If there is a match, we can retrive the literal:

In [55]:
if m:
    yes = m.group()
    print(yes)

yeah


If no match is found, it returns `None`:

In [56]:
m = re_yn.match('sure, i am')
print(m)

None


### Issue 1

`re_yn` can overmatch:

In [57]:
m = re_yn.match('yesterday was my birthday')
if m: print(m.group())

yes


Match only if the literals are followed by a space (`\s`), a comma (`,`), a period (`\.`), or the end of the string (`$`):

In [58]:
re_yn = re.compile(r'(yes|yeah)(\s|,|\.|$)')

m = re_yn.match('yesterday was my birthday')
print(m)

m = re_yn.match('yes, i am')
print(m.groups())
for i in range(len(m.groups())): print(i, m.group(i))

None
('yes', ',')
0 yes,
1 yes


Exclude the second group from capturing with `?:`:

In [60]:
re_yn = re.compile(r'(yes|yeah)(?:\s|,|\.|$)')

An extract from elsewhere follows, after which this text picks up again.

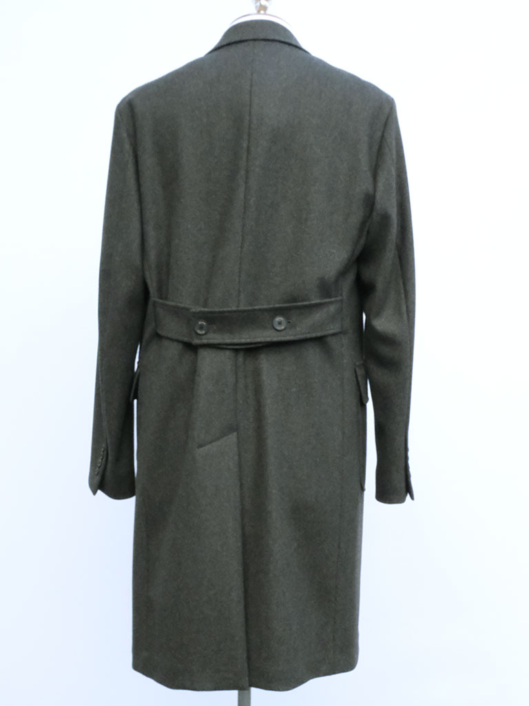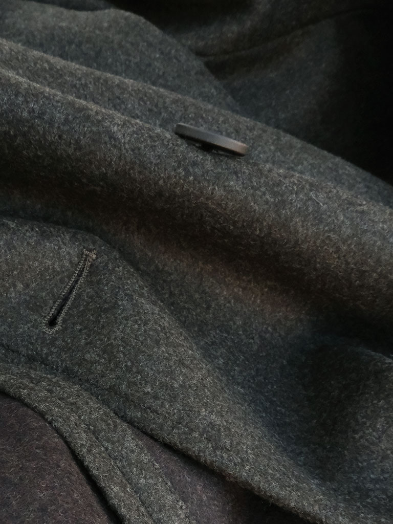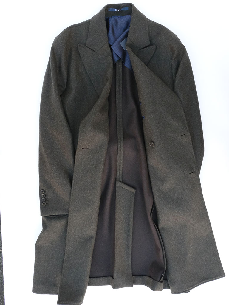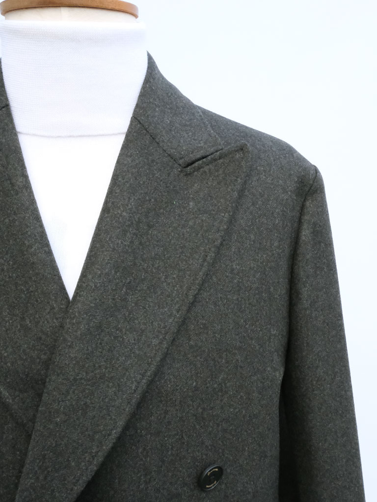 生地には上質なウールを贅沢に使用したダブルフェイス素材を採用。二重織りならではのふくらみと滑らかなタッチが特徴で、見た目にも触れた瞬間にも確かな高級感を感じさせます。しっかりとした肉感がありながらも、硬さはなく、軽やかに身体を包み込むような着心地を実現。仕立て映えする素材感が、コート全体の完成度を一段と高めています。
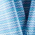 Плотная натуральная ткань с особым принципом переплетения нитей: крест-накрест. Имеет гладкую матовую поверхность чуть шероховатую на ощупь, не тянется, немного просвечивает. Прочная и стойкая к износу, надолго сохраняет яркость красок, не растягивается при стирке, практически не мнется. Цветной принт в виде чередующихся полос в форме зигзага на белом фоне прекрасно подойдет для пошива постельного белья, изготовления пеленок, бортиков для кроватки и других предметов домашней одежды и интерьера.

m = re_yn.match('yes, i am')
for i in range(len(m.groups())): print(i, m.group(i))

0 yes,


### Issue 2

`re_yn` matches only from the beginning of the string:

In [61]:
m = re_yn.match('well, yes I am')
print(m)

None


Allow the regular expression to match the literals with any prior characters followed by a space (`\s`), a comma (`,`), a period (`\.`), or the beginning of the string (`^`):

In [8]:
re_yn = re.compile(r'(?:.*)(?:\s|,|\.|^)(yes|yeah)(?:\s|,|\.|$)')

m = re_yn.match('yeah, I am')
if m: print(m.group(1))

m = re_yn.match('well, yes I am')
if m: print(m.group(1))

yeah
yes


### No Response

Define another group `(no|not really)` in the same reqular expression that matches the literals:

In [9]:
re_yn = re.compile(r'(?:.*)(?:\s|,|\.|^)(yes|yeah)|(no|not really)(?:\s|,|\.|$)')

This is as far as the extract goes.